Taylor Pfaff, CEO of Left Coast Estate in Van Duzer adds that wind also reduces the incidence of “powdery mildew and botrytis. Both of these are largely caused by excessive moisture. Fierce winds dry out the vineyards each day to help eliminate this moisture and reduce disease pressure.” This lowered disease pressure leads to less need for chemical intervention as well.

Perhaps the easiest, and least technical way to think about wind is to liken it to an air conditioner. Picture the special way your hair might frizz, or skin might glow after a day out in the hot sun, versus a lightly air-conditioned room. Similar things happen to grapes sitting in breeze-free vineyards on hot summer days.

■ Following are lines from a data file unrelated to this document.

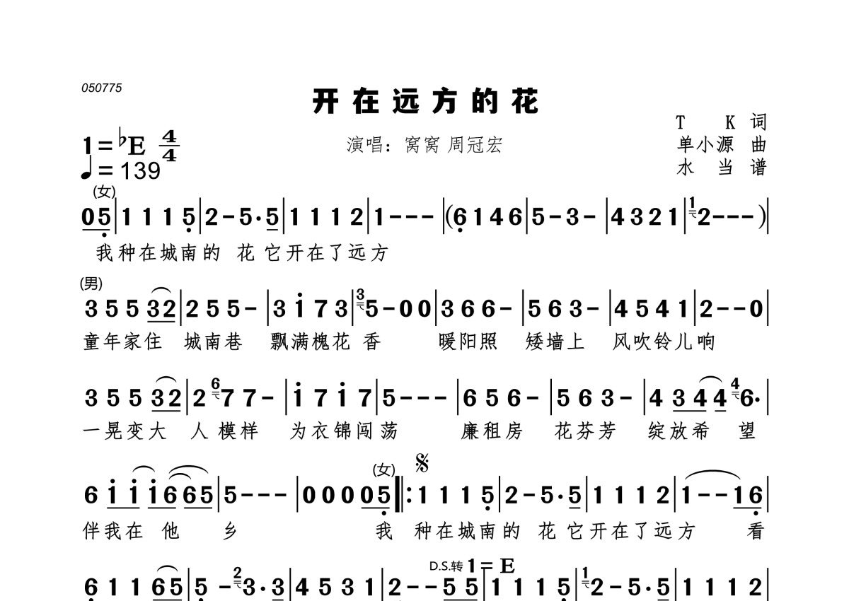 《开在远方的花》是窝窝 周冠宏演唱的一首歌曲,拍号为4/4拍,歌曲速度为每分钟139拍,这份简谱共有一张高清图谱,图谱由 @水当 编配上传。
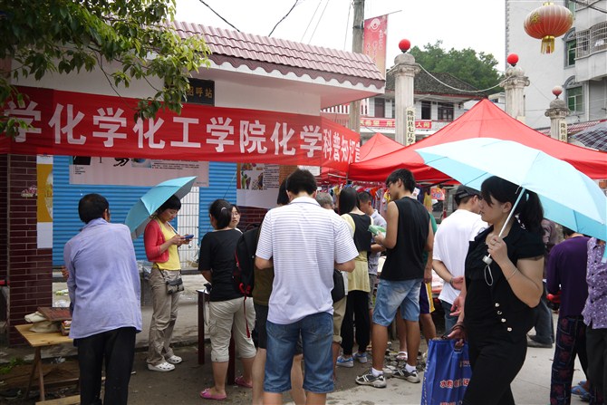 其中让人很感动的是一些老年人,他们有的不会写字,而且我们也听不太明白他们的当地方言,但是他们同时运用肢体语言,努力表达他们自己的观点,由我们代笔写下他们自己的想法,我们的队员也不顾烈日当空,站在大太阳底下向往来的群众宣传党史化学知识,在我们大家的努力及当地政府的支持下,我们的宣传活动取得了很好的效果。
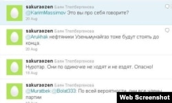 Мұнайшылар арасындағы белсенді туиттерші Роза Төлетаева премьер-министр Кәрім Мәсімовке, мәжіліс депутаты Бекболат Тілеуханға арнап
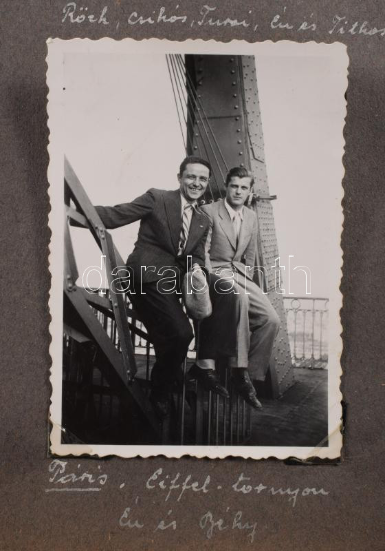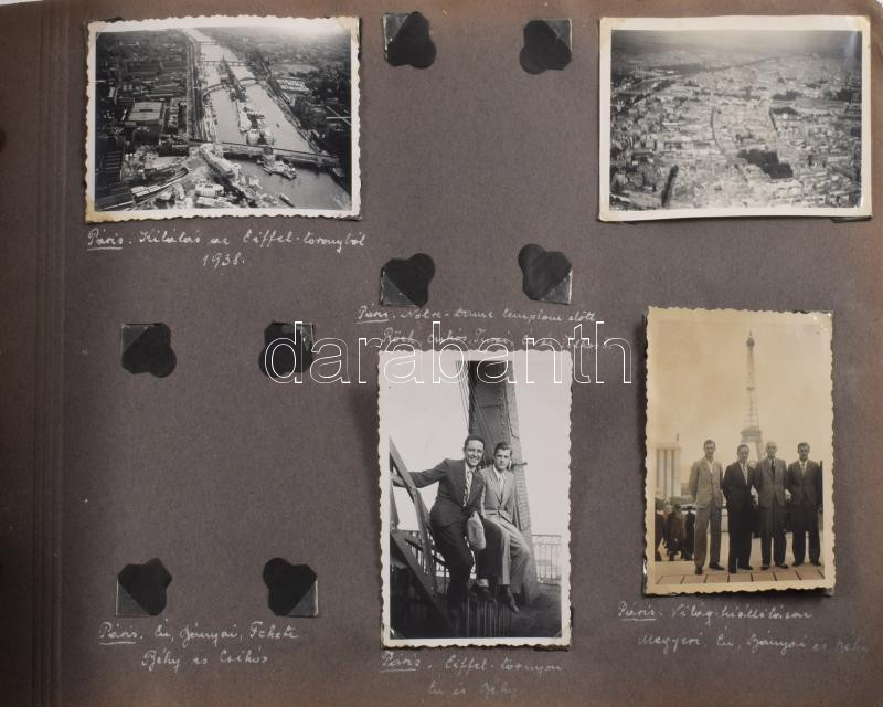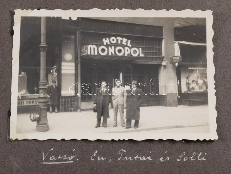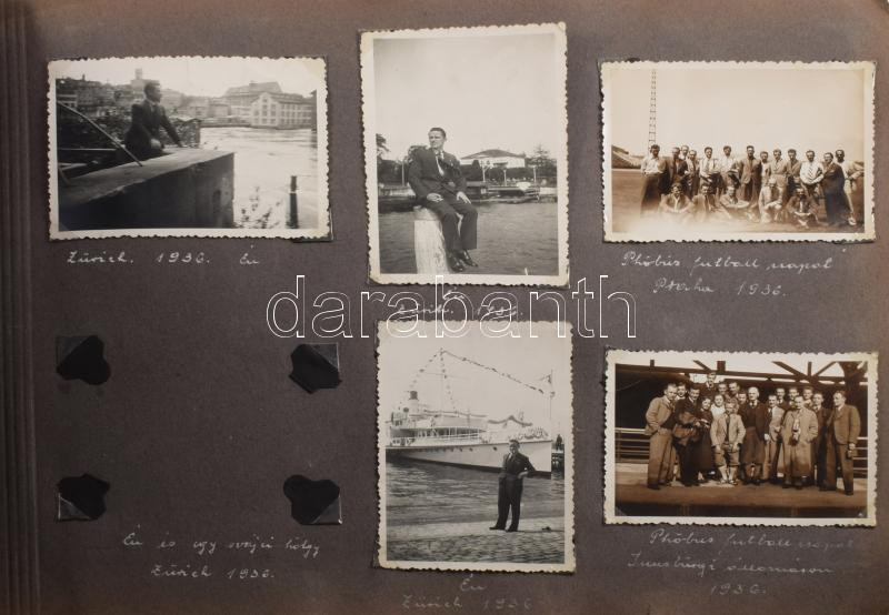 cca 1920-1940 Gombkötő Imre (1910-1988) labdarúgó (1933-ig az MTK-ból kivált Budapesti Atlétikai Klub (BAK) futballcsapatának tagja, 1933 és 1934 között a Bocskay FC, majd 1934-től 1939-ig az újpesti Phöbus FC játékosa) fényképalbuma, összesen 140 db fotóval, közte számos érdekes felvétellel a BAK, a Bocskay és a Phöbus csapatairól, kortárs labdarúgókról (Palotás István, Gallowich Tibor, Móré János, Teleki Pál, stb.), utazási és egyéb képekkel (többségük fotósarkokkal rögzítve, az albumlapokon feliratozva). Bakelittáblás, zsinórfűzéses albumban, az album kissé sérült, helyenként szakadt hártyapapírokkal, 23x32x3 cm ///

Wayne Bailey, owner and winemaker at Youngberg Hill in McMinnville, says the cooling breezes “act as an air conditioner, which mitigates the heat spikes we’ve been seeing in recent years. And not only that, it dries the grapes, which reduces disease pressure and helps with mildew. The wind helps me make wine the way I want to: biodynamic practices, no till, no irrigation, hands-off, little to no intervention in the vineyard or cellar.”

Wind can also, counterintuitively, warm things up a bit.

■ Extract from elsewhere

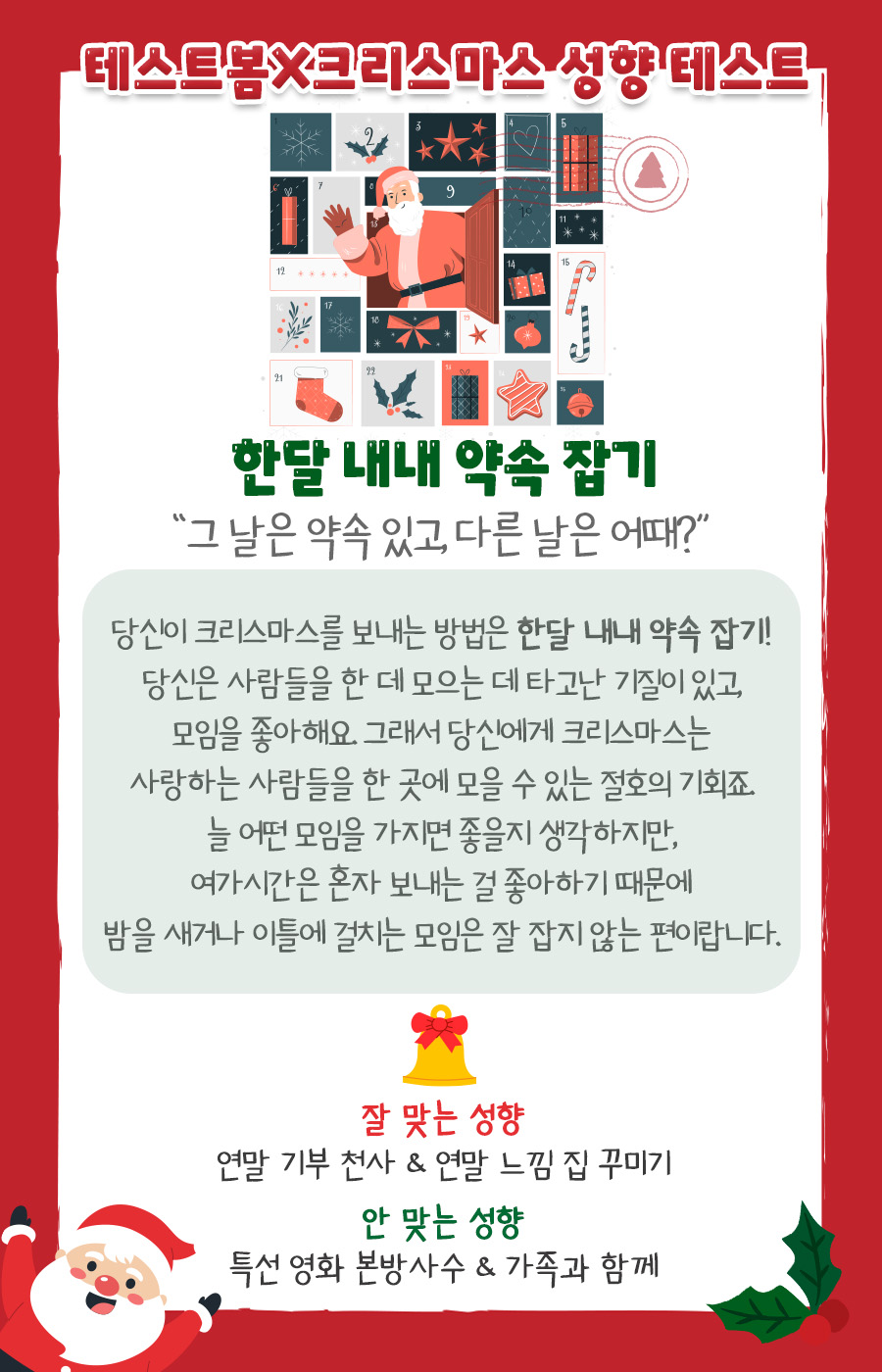 나는 이번 크리스마스에 뭘 하고 있을지 테스트봄에서 나온 크리스마스 성향 테스트를 소개드리겠습니다.

“The gusts we get here on Underwood Mountain can be crazy, and the wind here is an almost constant presence,” says Julia Bailey Gulstine co-owner of Loop de Loop Wines in Underwood, WA. “The wind reduces the effect of heat spikes of course, but it also helps with frost. We don’t have to worry about frosts.”

An ill wind

Jokes about flatulence aside, there are a number of bad winds that winemakers dread encountering.

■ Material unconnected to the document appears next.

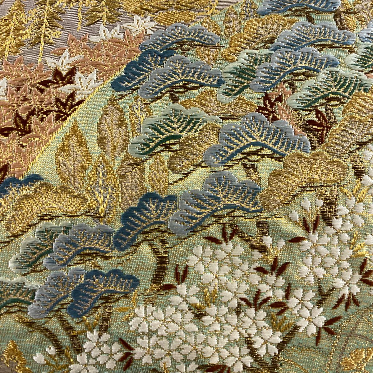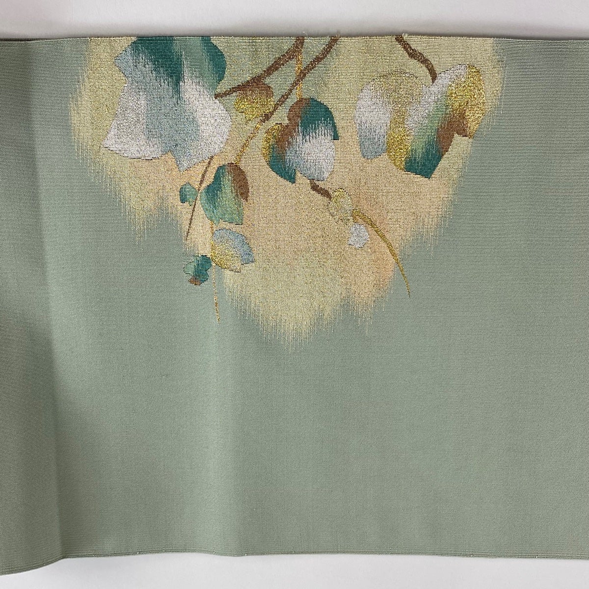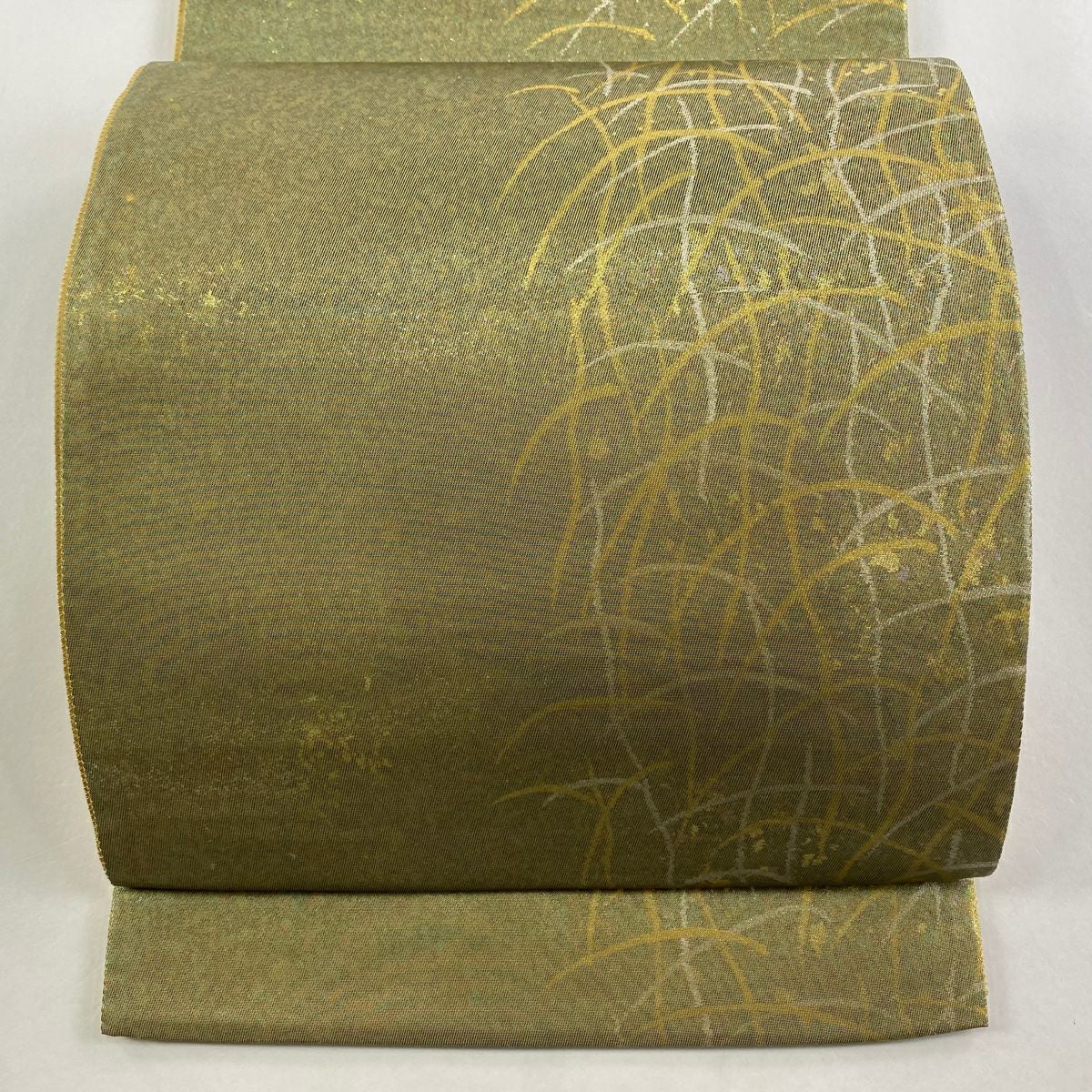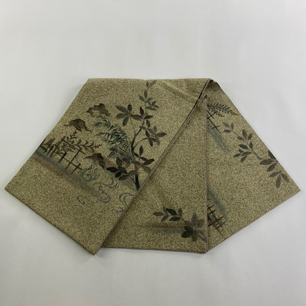 【在庫一掃】 【美品】 袋帯 秀品 秋草 松 金糸 箔 灰茶 六通 正絹

“We welcome winds from the north, south and east in Burgundy, but the winds from the west bring the rain, which can sometimes bring problems, other times bring much needed water,” says Pascal.

In Mendoza, where the Zonda wind blows, “the effects are mostly negative”, says Franco Bastias, chief agronomist at Domaine Bousquet in Argentina’s Uco Valley. “It’s extremely harmful during spring, when the flower is very sensitive to high intensity winds and low humidity.”

But he says it can reduce disease pressure. To take advantage of good aspects and reduce the impact of the bad, Bastias and his team select grapes with “excellent flower and flower set ratio, which gives us the opportunity to minimize the impact. We also select varieties with tight bunches that could be helped by winds that remove the humidity of the clusters.”

Strangely, sometimes the lack of wind shapes the grapes as well. “In the Loire, the lack of wind allows the Chenin Blanc there to grow and develop soft flavors and body,” says Pascal. “No matter where you are, the personality of the wine is shaped by the dominant pattern of the wind.”